> [What is required] Transcribe, starting at the line with "Dulap Pantofi Alb" and ending at the line with "دهس: اللَّيْثُ: الدُّهْسَةُ", every line of the material below exactly, but leave out the pictures and anything outside that span.

> [Material for this task]

□ □ □ □ □

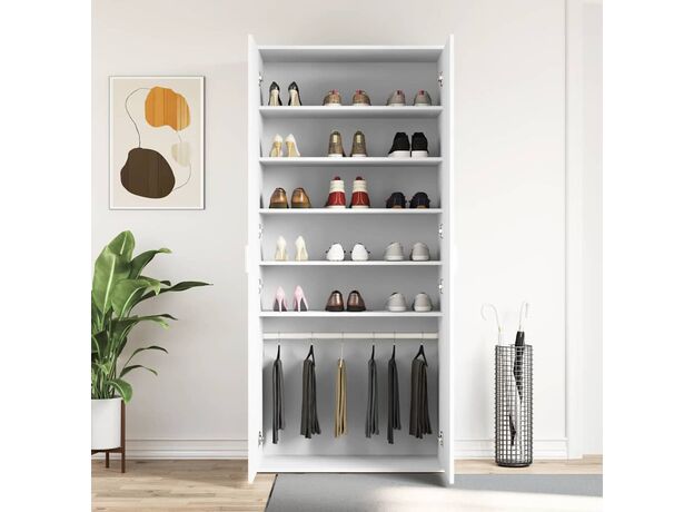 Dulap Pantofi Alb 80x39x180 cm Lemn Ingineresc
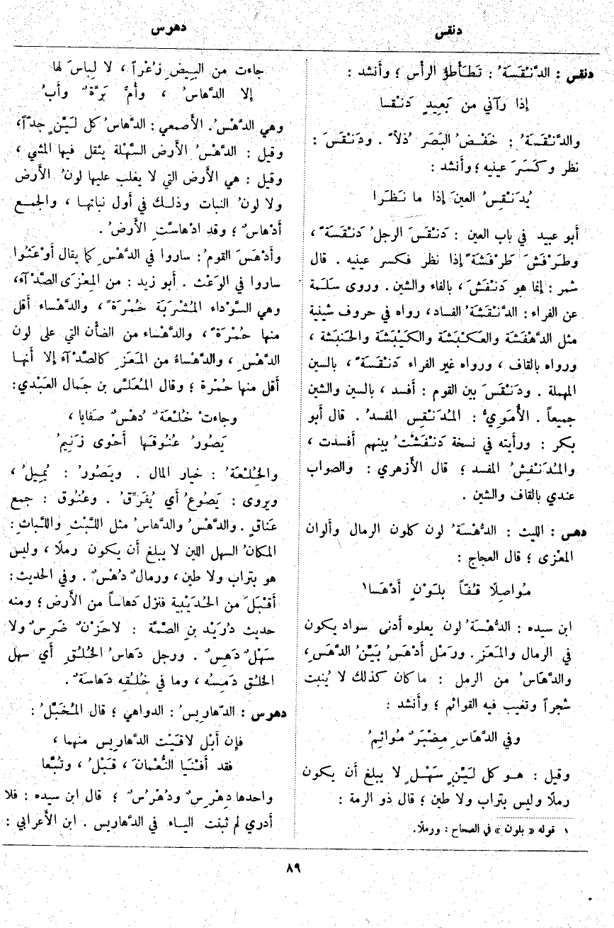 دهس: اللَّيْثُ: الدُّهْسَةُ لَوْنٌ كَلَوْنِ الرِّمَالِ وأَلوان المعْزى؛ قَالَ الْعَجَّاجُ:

□ □ □ □ □

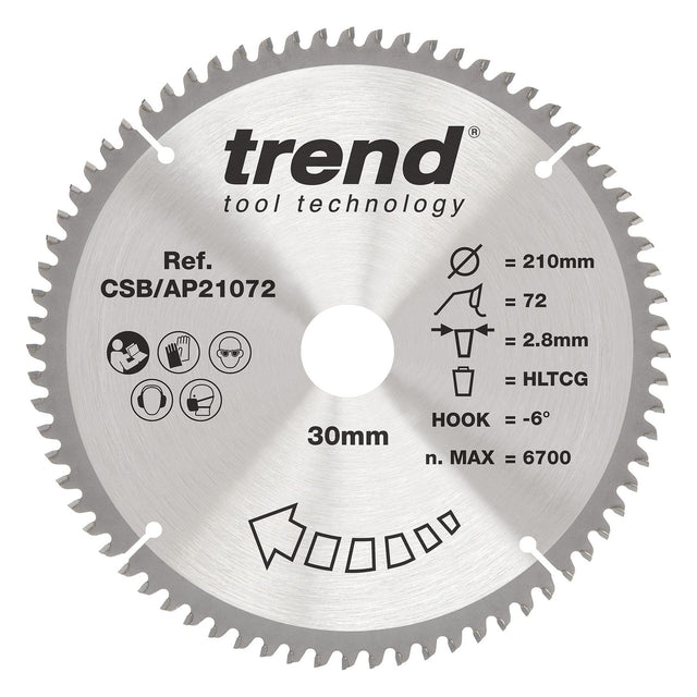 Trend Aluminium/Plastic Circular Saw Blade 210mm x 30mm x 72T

□ □ □ □ □

> [Final answer]
 Dulap Pantofi Alb 80x39x180 cm Lemn Ingineresc
 دهس: اللَّيْثُ: الدُّهْسَةُ لَوْنٌ كَلَوْنِ الرِّمَالِ وأَلوان المعْزى؛ قَالَ الْعَجَّاجُ:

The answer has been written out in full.